§ **TASK TO COMPLETE**
Repeat the listing exactly. The images do not belong in the copy.

§ **DATA PROVIDED**
========================

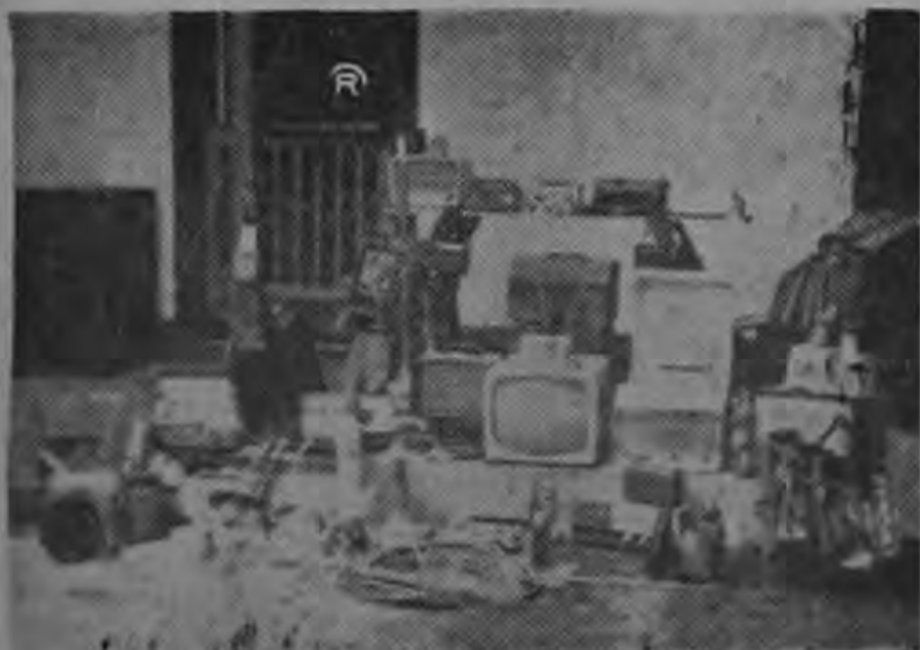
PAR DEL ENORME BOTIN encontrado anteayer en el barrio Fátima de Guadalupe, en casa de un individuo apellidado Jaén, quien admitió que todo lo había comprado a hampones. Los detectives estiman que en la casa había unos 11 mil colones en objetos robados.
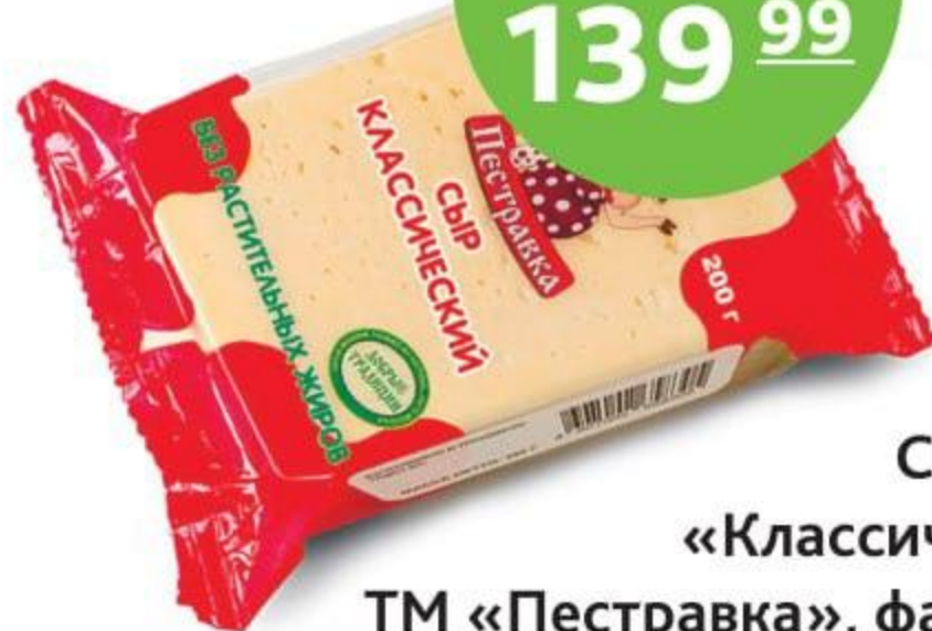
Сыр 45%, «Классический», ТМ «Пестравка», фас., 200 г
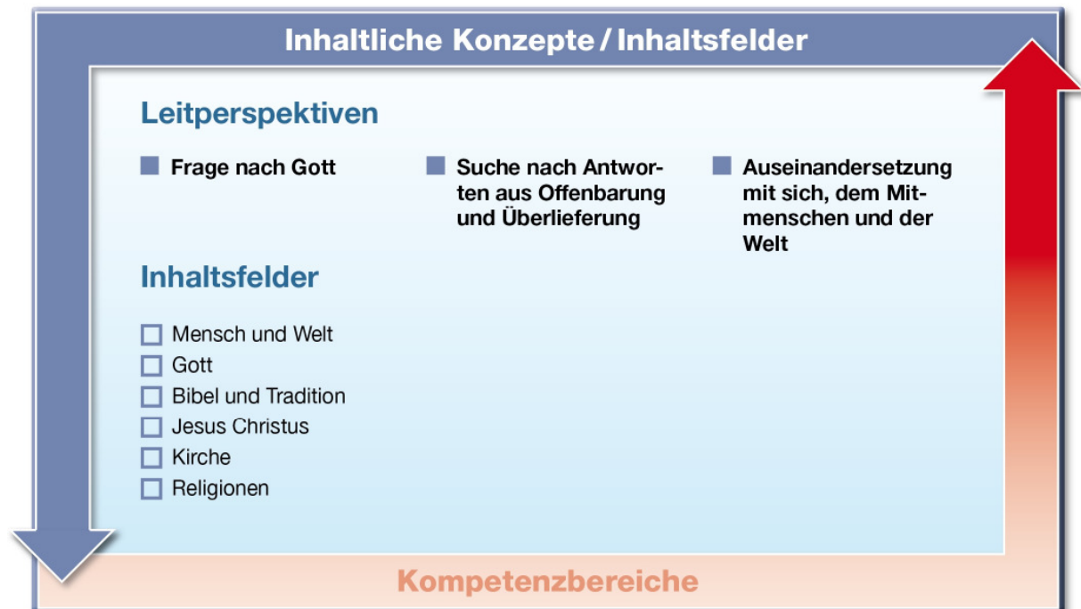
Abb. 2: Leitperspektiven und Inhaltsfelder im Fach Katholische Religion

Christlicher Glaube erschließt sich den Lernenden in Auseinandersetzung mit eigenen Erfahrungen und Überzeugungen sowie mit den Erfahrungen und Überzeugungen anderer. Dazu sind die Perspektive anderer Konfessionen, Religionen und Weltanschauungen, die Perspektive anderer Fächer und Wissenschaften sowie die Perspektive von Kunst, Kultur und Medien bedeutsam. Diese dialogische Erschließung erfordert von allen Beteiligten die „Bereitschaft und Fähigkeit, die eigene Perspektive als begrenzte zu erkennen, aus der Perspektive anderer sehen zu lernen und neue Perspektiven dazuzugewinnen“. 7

========================

§ **RESULT**
PAR DEL ENORME BOTIN encontrado anteayer en el barrio Fátima de Guadalupe, en casa de un individuo apellidado Jaén, quien admitió que todo lo había comprado a hampones. Los detectives estiman que en la casa había unos 11 mil colones en objetos robados.
Сыр 45%, «Классический», ТМ «Пестравка», фас., 200 г
Abb. 2: Leitperspektiven und Inhaltsfelder im Fach Katholische Religion

Christlicher Glaube erschließt sich den Lernenden in Auseinandersetzung mit eigenen Erfahrungen und Überzeugungen sowie mit den Erfahrungen und Überzeugungen anderer. Dazu sind die Perspektive anderer Konfessionen, Religionen und Weltanschauungen, die Perspektive anderer Fächer und Wissenschaften sowie die Perspektive von Kunst, Kultur und Medien bedeutsam. Diese dialogische Erschließung erfordert von allen Beteiligten die „Bereitschaft und Fähigkeit, die eigene Perspektive als begrenzte zu erkennen, aus der Perspektive anderer sehen zu lernen und neue Perspektiven dazuzugewinnen“. 7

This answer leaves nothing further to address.